Morphological and molecular characterization of apical organ cell types

Light and electron optic studies have revealed cell types that make up the apical organs of different invertebrate larval groups [11, 5254]. In Platynereis, the apical tuft was visible by 16 hpf (cf. trpV channel expression at 24 hpf, Figure 2P) and other apical organ cells were likewise post-mitotic by 24 hpf (Figure 6A), expressing markers indicative of neuronal differentiation. At 30 hpf, several apical cell types were fully morphologically differentiated (Figure 6B; [31]). We found that the apical tuft was formed by two basket-shaped cells with intracellular tubulin support structures (Figure 6C); cells with a very similar morphology, referred to as ampullary cells, have previously been described in mollusk larvae [11]. These cells persisted deep in the medial brain at later stages in the center of a massive commissural and neurosecretory neuropil (Figure 6J), and may thus represent a structural organizing center for the juvenile nervous system, as suggested for other polychaete larvae [50]. Dorsal to the ampullary tuft cells, we found another set of large cells with multiple motile cilia in a crescent-moon shape, known as crescent cells (Figure 6D). Two serotonergic cells have also been found in the apical organ region by 30 hpf [31]. Closest to the tuft was a serotonergic interneuron (white arrow, Figure 6D) lacking sensory dendrites. This cell was located deep in the epithelium, adjacent to an assembly of previously described sensory-neurosecretory flask-shaped cells (Figure 6E) that, morphologically, resemble chemosensory cells [12] (called parampullary cells in mollusks [11]). More ventral to the parampullary cells, we detected a median pair of cells bearing short, stiff and curly sensory cilia resembling mechanoreceptors (Figure 6F).

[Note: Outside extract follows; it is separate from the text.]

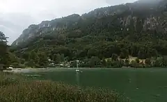Le Mondsee est un lac de Haute-Autriche Salzkammergut avoisinant l'Attersee. La rive sud-ouest marque la frontière entre les länder de Haute-Autriche et Salzbourg et entre les Alpes calcaires du Sud et la zone de grès. Une caractéristique frappante est la Drachenwand (paroi du dragon), qui domine la rive sud-ouest.

These distinctive morphologies, in conjunction with the recently established Profiling by Image Registration (PrImR) technique, enabled us to assign a molecular fingerprint to these cells, providing them with unique molecular identities [47]. PrImR utilizes the stereotyped development of the Platynereis axonal scaffold to generate in silico alignments of mRNA in situ expression patterns, and allows single cell co-expression analyses to be conducted [47]. Of a collection of 140 genes currently available for PrImR single cell co-expression analysis, 29 were differentially expressed in cells of the apical organ region in the 48 hpf larva. Additional file 1: Figure S5 details the PrImR-based co-expression analysis for the above-mentioned morphologically identifiable cells, namely the ventral-most serotoninergic cell (Additional file 1: Figure S5A), the parampullary sensory-neurosecretory cells (Additional file 1: Figure S5B-E), the ampullary tuft cell (Additional file 1: Figure S4F), the crescent cells (Additional file 1: Figure S5G) and the pair of putative mechanoreceptors (Additional file 1: Figure S5H).

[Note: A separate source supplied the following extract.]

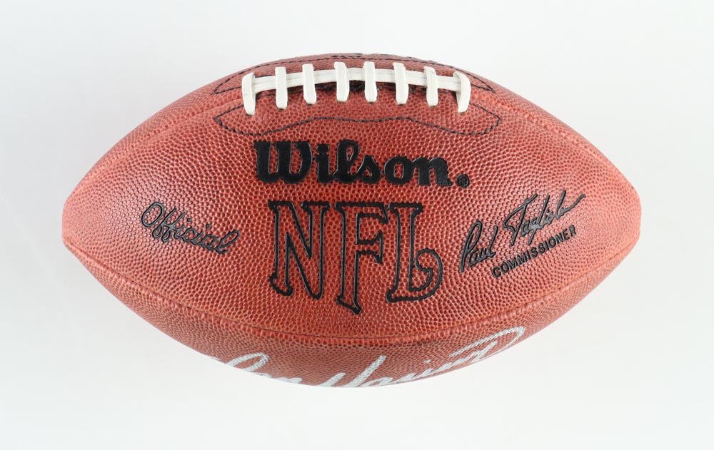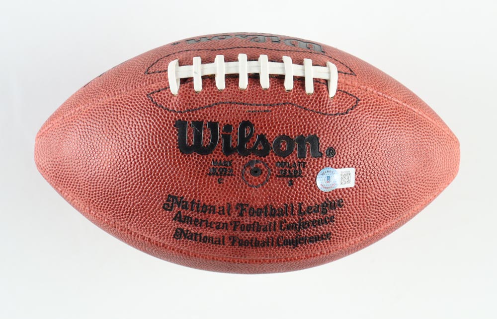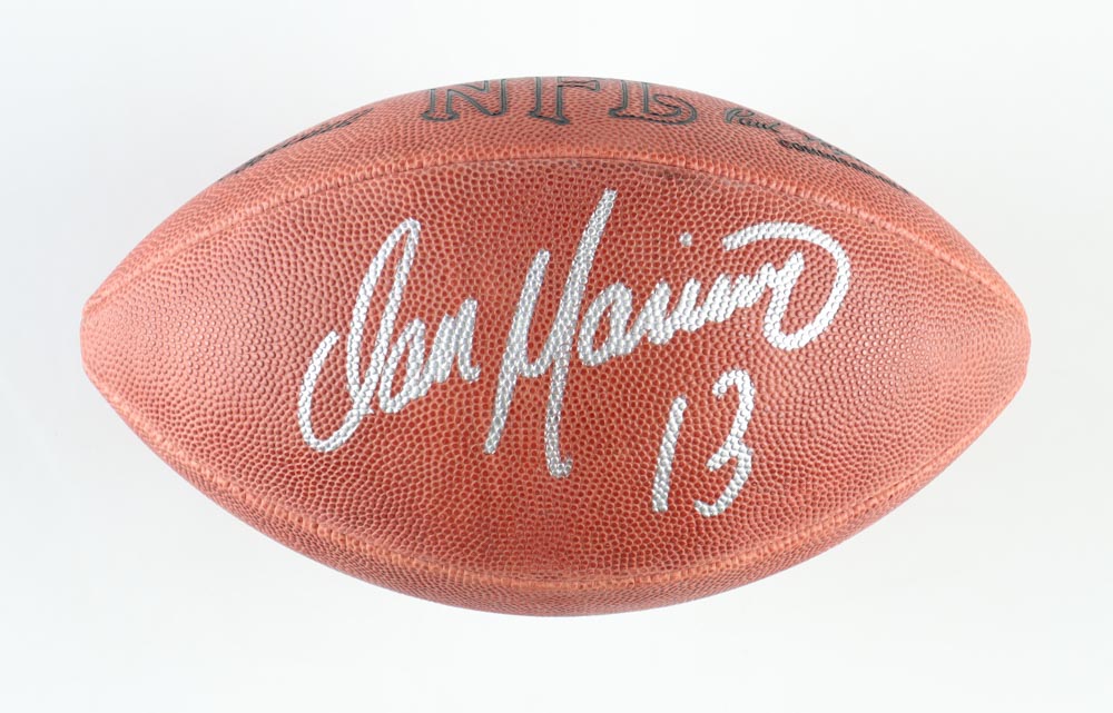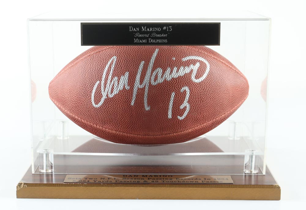 Wilson Official NFL football. Hand-signed by Dan Marino (Miami Dolphins, HOF). Display case is included as shown. Please note, there is scuffing on the display case as well as corner wear on the front of the display base.

PrImR revealed unique sets of genes expressed by each of these cell types, in line with their specialized sensory-neurosecretory and neuronal characteristics. For example, as determined previously, the flask-shaped parampullary cells expresses otp (Figure 6G; Additional file 1: Figure S5B-E; and see above), mir-7 (Figure 6H) and prohormone convertase 2 (phc2) [12]. Beyond that, PrImR allowed cellular allocation of transcripts encoding neuropeptide precursors for DLamide, FMRFamide and WLDamide (Figure 6I), consistent with a conserved role of otp in specifying different types of peptidergic cells [12]. These three neuropeptides mediate opposing effects on locomotor behavior with DLamide and FMRFamide exposure leading to an increase and WLDamide leading to a decrease in ciliary beating frequency [55]. The otp + peptidergic cells also expressed MIP, the recently described settlement-inducing neuropeptide [15]. In addition, we found that all otp + sensory-neurosecretory cells were positive for the newly identified peropsin gene (Figure 6K), an opsin-related photopigment that may function as photopigment or photoisomerase [56], indicating that these cells (or adjacent cells) are light-sensitive. Complementing this, we observed that the previously characterized c-opsin1[35], an ortholog of rhodopsin and other c-opsins, was expressed in cells around the apical organ (Figure 6L). As c-opsin1 expression is difficult to score in 48 hpf larvae (the stage for which the PrImR resource is available), we were not able to further characterize the c-opsin1+ cells. One of the otp + cells was demarcated by the expression of lmx1ab (a terminal selector gene for serotoninergic neurons [57]) and by position correlates to the serotonergic interneuron (Additional file 1: Figure S5A; Figure 6I). The ampullary apical tuft cells (Additional file 1: Figure S4F) specifically expressed hox1 (Figure 2L) and a trpV channel previously implicated to serve mechanosensory roles in other protostomes (Figure 2P) [58], indicative of multiple sensory modalities. Finally, and consistent with their specialized morphology, the two putative mechanosensory cells (Additional file 1: Figure S5H) expressed miR-183 (Additional file 1: Figure S1), a conserved microRNA that demarcates chemo- and mechanosensory cells across bilaterians [22, 59, 60]. Furthermore, they were the only cells to express otx (compare Figure 2E’).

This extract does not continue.